Menurutnya, persoalan tersebut muncul di sejumlah wilayah yang memiliki potensi migas namun masuk kawasan Lahan Pangan Pertanian Berkelanjutan (LP2B) dan Lahan Sawah Dilindungi (LSD).
Masalah itu, kata Herman, ditemukan saat dirinya menyerap aspirasi terkait aktivitas Pertamina. Ia menyebut ada persoalan antara upaya peningkatan produksi migas dengan aturan LP2B serta LSD.
SCROLL TO CONTINUE WITH CONTENT
"Kami menampung berbagai aspirasi. Ketika kami kunjungan ke Pertamina, ada beberapa aspirasi yang sudah saya sampaikan langsung dan tentu ini menjadi bahan-bahan rapat," kata Herman Khaeron di Cirebon, Jumat (8/5/2026).
"Di antaranya terjadinya konflik antara kepentingan terhadap peningkatan kapasitas produksi lifting minyak dan gas dengan penerapan kebijakan LP2B, Lahan Pangan Pertanian Berkelanjutan dan penetapan LSD, Lahan Sawah Dilindungi. Oleh karenanya, ini harus betul-betul didudukkan bersama," sambung dia.
Menurut Herman, persoalan seperti ini harus dibahas secara serius. Ia menilai kebijakan di pusat seharusnya dibuat berdasarkan kondisi nyata di lapangan.
"Artinya bahwa kebijakan ataupun rapat-rapat di DPR harusnya memang berbasiskan temuan-temuan di daerah," ujarnya.
Ia menjelaskan, ada sejumlah titik yang memiliki potensi migas, namun lahannya masuk kawasan yang dilindungi.
"Karena kemarin studi kasusnya adalah di Zona 7. Di Zona 7 ada beberapa yang potensinya besar, ternyata itu adalah lahan pangan. Kemudian ada lahan yang memang itu dilindungi untuk pangan, sehingga tidak bisa dipergunakan untuk lain," kata dia.
Menurut Herman, persoalan serupa juga terjadi di sektor perumahan. Ada pengembang yang sudah membebaskan lahan dan mengurus izin, namun belakangan lahannya ditetapkan sebagai lahan pangan dilindungi sehingga pembangunan tidak bisa dilanjutkan.
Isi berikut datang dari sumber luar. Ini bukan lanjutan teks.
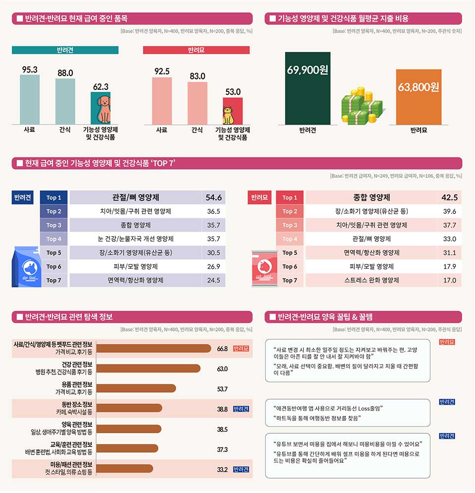 오픈서베이가 올해 8월 발표한 ‘반려동물 트렌드 리포트 2024’에 따르면, 대부분의 양육자가 반려동물에게 사료 및 간식을 급여하고 있었으며, 기능성 영양제와 건강식품 급여 비중이 절반 이상을 차지하는 것으로 나타났다. 기능성 영양제와 건강식품의 급여율은 반려견 양육자가 반려묘 양육자보다 높았으며, 월평균 지출 비용 역시 반려견이 69,900원, 반려묘가 63,800원으로 반려견 양육자가 반려묘 양육자 대비 높은 것으로 조사됐다. 현재 급여 중인 기능성 영양제와 건강식품 ‘TOP 7’에는 반려견의 경우 관절 및 뼈 영양제가, 반려묘는 종합 영양제가 1위를 차지했다. 반려동물 관련 정보 탐색은 반려견 양육자는 동반 가능 장소와 미용 및 패션 관련 정보를, 반려묘 양육자는 펫푸드 관련 정보를 더 많이 탐색하는 것으로 나타났다. 이와 관련해 꿀팁 및 꿀템으로 반려견 양육자는 전문 앱으로 동반 여행 정보를 찾을 수 있는 점, 유튜브를 활용해 셀프 미용으로 미용비를 절약할 수 있는 점을 언급했으며, 반려묘 양육자는 사료 선택 관련 언급이 많았다. <편집자주> ※조사기간: 2024년 7월 25일~30일(총 6일간) / 조사대상: 전국 20~50대 남녀 3,600명

"Ada juga perumahan yang kemudian dia sudah mendapatkan lahan, sudah membebaskan, kemudian dia sudah memiliki surat-surat untuk pengembangan perumahan, kawasan perumahan, ternyata lahannya ditetapkan sebagai lahan yang dilindungi. Jadi lahan yang khusus untuk pangan sehingga tidak bisa digunakan untuk pembangunan lainnya," ujarnya.
Meski begitu, Herman menegaskan perlindungan lahan pangan tetap penting. Hanya saja, menurutnya pembangunan di sektor lain juga perlu diatur agar bisa berjalan seimbang.
"Ini yang ada tumpang tindih kepentingan yang kita harus dudukkan. Kami setuju bahwa kita tidak boleh mengorbankan lahan pangan. Kita tidak boleh mengorbankan pertanian pangan. Tapi tentu bisa saja pembangunan ini dilakukan secara berimbang antara kepentingan lain dengan kepentingan pangan yang kita anggap sebagai hal pokok yang harus kita jaga bersama," kata dia.